Peter Suber (02 Dec 2009), Open Access and the Google Book Settlement

Jon Image
Daniel Brandt
Suber understates Google's plan for world domination.

This line from Suber's document is misleading:
QUOTE
When the lawsuit was filed, Google suspended its scanning of copyrighted books, but continued its scanning and posting of public-domain books without objection from any quarter.
Note this page:
QUOTE
On August 11, Google announced on its blog that they are suspending its scanning of copyrighted works from libraries. Scanning will resume in November, which presumably gives publishers who are rights-holders time to opt-out with a list of books they do not want scanned at the library.
Yes, they suspended it for nearly three months. That was four years ago. Big deal.

The bottom line: Google has been scanning ALL books that the library provides. The various libraries have no incentive to restrict the types of books it provides, because in the confidential agreements that Google made with the libraries, Google indemnifies them against any legal challenges. Moreover, the library gets a copy of the scan.
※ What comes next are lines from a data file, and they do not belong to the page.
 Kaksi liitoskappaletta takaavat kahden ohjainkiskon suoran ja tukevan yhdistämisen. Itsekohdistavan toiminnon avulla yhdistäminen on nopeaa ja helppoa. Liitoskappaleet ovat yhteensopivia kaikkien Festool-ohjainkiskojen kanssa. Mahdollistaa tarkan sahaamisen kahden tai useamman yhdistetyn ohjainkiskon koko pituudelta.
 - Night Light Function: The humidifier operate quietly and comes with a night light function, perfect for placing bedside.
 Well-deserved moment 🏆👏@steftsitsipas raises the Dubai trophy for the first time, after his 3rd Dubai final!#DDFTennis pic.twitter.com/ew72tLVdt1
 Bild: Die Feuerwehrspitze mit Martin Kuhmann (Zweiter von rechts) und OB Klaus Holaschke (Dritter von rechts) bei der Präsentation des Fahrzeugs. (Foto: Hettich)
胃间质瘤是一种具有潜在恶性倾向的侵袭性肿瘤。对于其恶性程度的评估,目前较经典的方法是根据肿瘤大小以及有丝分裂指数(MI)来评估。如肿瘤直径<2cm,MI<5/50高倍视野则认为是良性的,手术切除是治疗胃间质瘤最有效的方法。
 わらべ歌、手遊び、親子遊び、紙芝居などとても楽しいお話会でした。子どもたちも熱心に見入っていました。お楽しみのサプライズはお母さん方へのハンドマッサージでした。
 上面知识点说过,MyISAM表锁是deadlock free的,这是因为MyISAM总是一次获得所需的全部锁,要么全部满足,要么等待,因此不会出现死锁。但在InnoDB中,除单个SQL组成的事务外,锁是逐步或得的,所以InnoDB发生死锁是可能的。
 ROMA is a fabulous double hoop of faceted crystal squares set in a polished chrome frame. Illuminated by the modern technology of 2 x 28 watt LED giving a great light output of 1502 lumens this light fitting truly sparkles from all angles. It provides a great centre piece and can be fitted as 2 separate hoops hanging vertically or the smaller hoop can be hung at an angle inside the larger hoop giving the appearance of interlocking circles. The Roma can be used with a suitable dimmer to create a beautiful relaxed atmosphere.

Take the University of Michigan, for example, which is Larry Page's alma mater and the largest library scanning project by far. Google has continued to scan all books from that library: in-print, out-of-print, in-copyright, orphan, public domain, etc. And all languages. The Chinese just recently said, "Hold on here, you cannot scan copyrighted material from Chinese writers." So has India. So has Germany. So has France. So has Italy. Google cut them out of Settlement 2.0, but they continue to scan books copyrighted in these and other countries.
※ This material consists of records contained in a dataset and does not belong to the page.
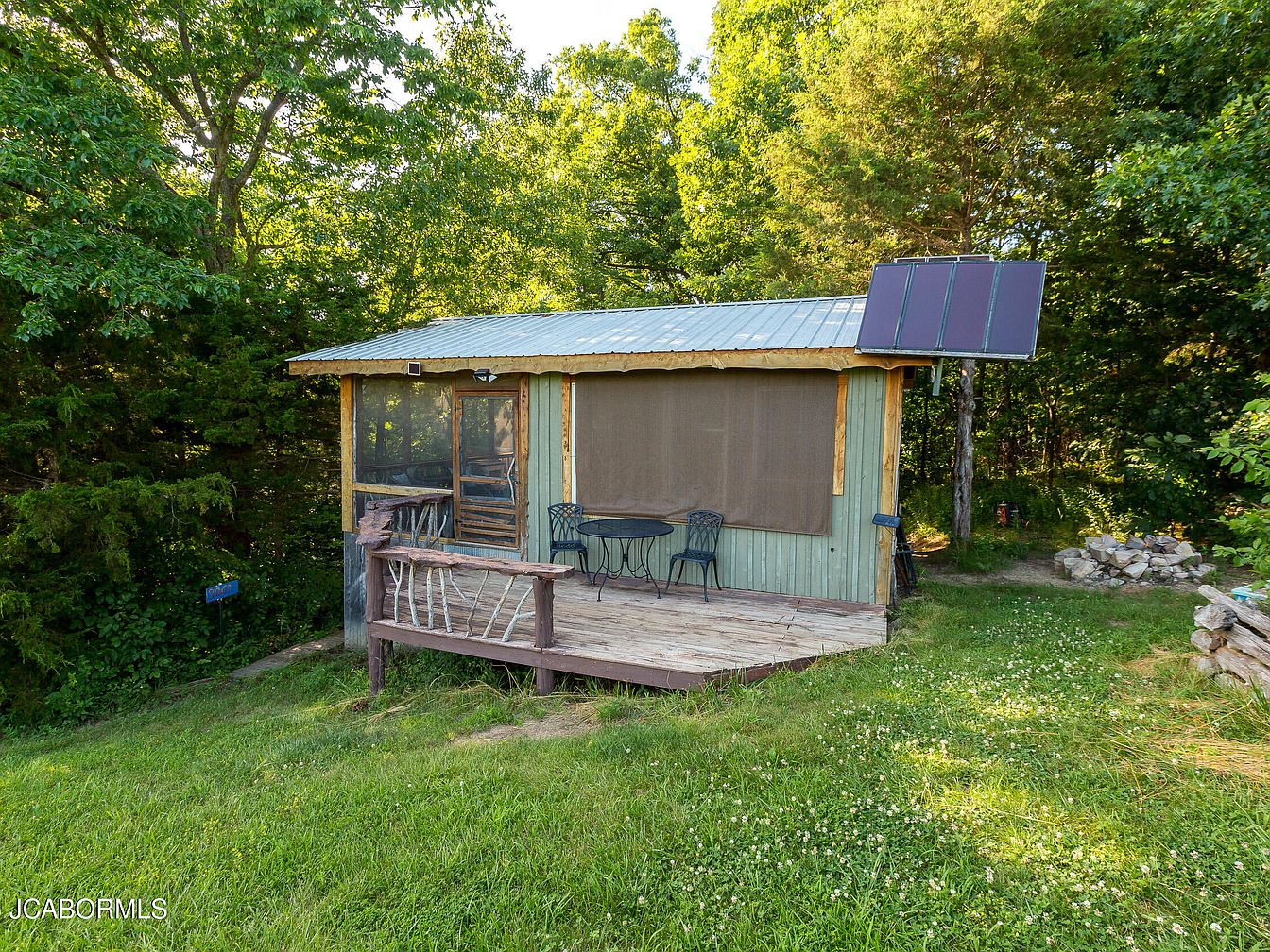 The cabin features a rustic design with wooden siding in soft green hues, harmonizing with the surrounding lush greenery. Its porch, adorned with a wooden railing crafted from branches, creates an inviting entrance. A simple metal roof offers protection while contributing to the cabin’s charm. A small outdoor table with black chairs is set on the porch, perfect for enjoying nature. Sunlight filters through the trees, enhancing the serene atmosphere. A solar panel on the roof signifies eco-friendliness. Nearby, a fire pit encircled by stones invites gatherings, surrounded by grassy areas dotted with wildflowers.
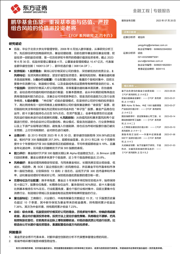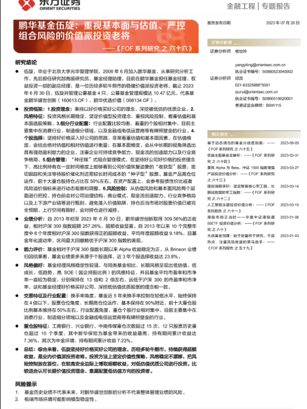 【东方证券】【20230720】《FOF系列研究之六十六》:鹏华基金伍旋,重视基本面与估值、严控组合风险的价值派投资老将-15页
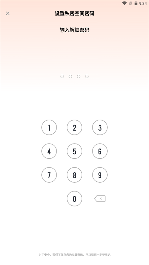 首次启用需设定访问凭证,输入两次一致的四位密码即可激活保护层,无需绑定手机号或邮箱。
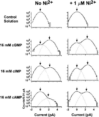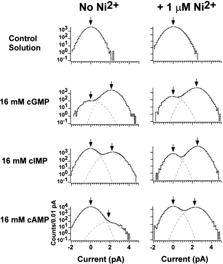 Figure 7. Amplitude histograms on log–linear axes with inverse filtering. The amplitude histograms were fit by the sum of two Gaussians, which appear as parabolas on a log scale. Parameters for the histograms in the absence of Ni2+ were as follows: control solution: σclosed = 480 fA; 16 mM cGMP: σclosed = 580 fA, Pclosed = 0.045, μopen = 2.2 pA, σopen = 590 fA, Popen = 0.955; 16 mM cIMP: σclosed = 490 fA, Pclosed = 0.71, μopen = 2.2 pA, σopen = 640 fA, Popen = 0.286; 16 mM cAMP: σclosed = 500 fA, Pclosed = 0.989, μopen = 2.0 pA, σopen = 960 fA, Popen = 0.011. Parameters for the histograms in the presence of Ni2+ were as follows: control solution + 1 μM Ni2+: σclosed = 520 fA; 16 mM cGMP + 1 μM Ni2+: σclosed = 590 fA, Pclosed = 0.036, μopen = 2.4 pA, σopen = 600 fA, Popen = 0.964; 16 mM cIMP + 1 μM Ni2+: σclosed = 470 fA, Pclosed = 0.071, μopen = 2.4 pA, σopen = 500 fA, Popen = 0.929; 16 mM cAMP + 1 μM Ni2+: σclosed = 510 fA, Pclosed = 0.525, μopen = 2.2 pA, σopen = 620 fA, Popen = 0.475.
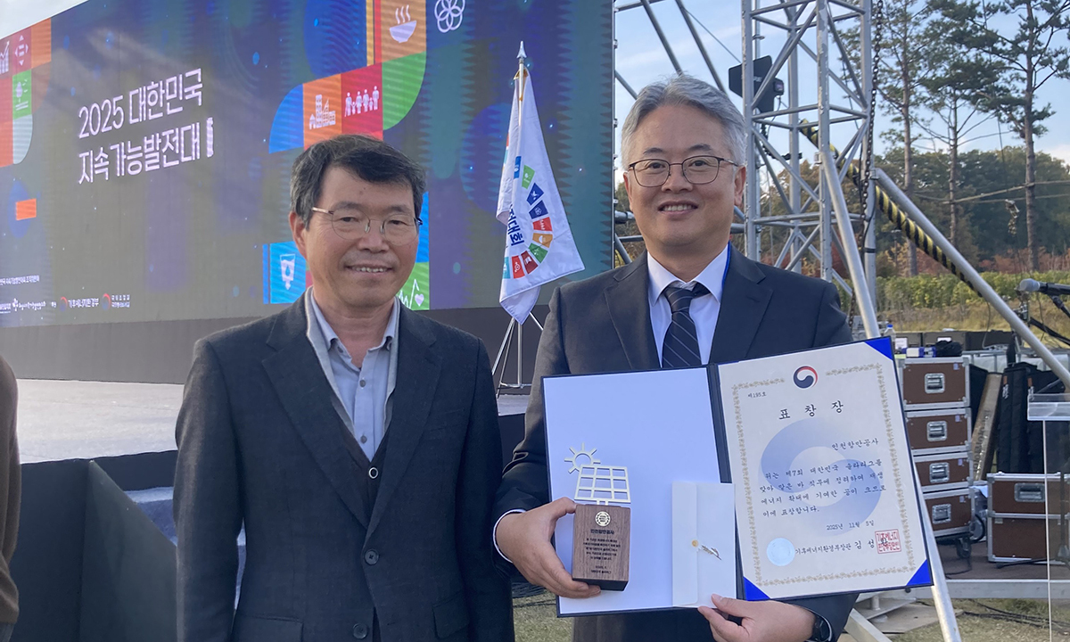 재생에너지 보급 확대 및 탄소중립 실현에 기여한 지자체, 공공기관, 민간 업·단체를 포상하는 전국 규모 대회로 올해 7회째다. 서류와 발표 심사 등을 거쳐 인천항만공사는 공공부문 1위에 해당하는 기후부 장관상을 거머쥐었다.
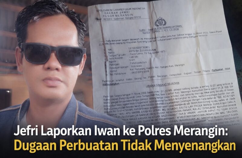 “Saya meminta kepada pihak penegak hukum, khususnya Polres Merangin, untuk segera memproses laporan ini. Hukum harus ditegakkan tanpa pandang bulu, karena tidak ada yang kebal hukum di negara ini. Jika memang terbukti bersalah, saya harap diproses sesuai undang-undang yang berlaku,” tegas Jefri.

Is Google listening? Nope, they just keep scanning. The Settlement completely sidestepped the copyright issue, which gave Google Four More Years of mass-scanning. Why did the plaintiffs, who sued on the grounds of copyright infringement, fall for it? Well, there's that little matter of Google agreeing to pay up to $30 million to the plaintiff's attorneys.

That's why it's called a book grab.
dtobias
Peter Suber is the creator of Nomic, the game in which changing the rules is a move.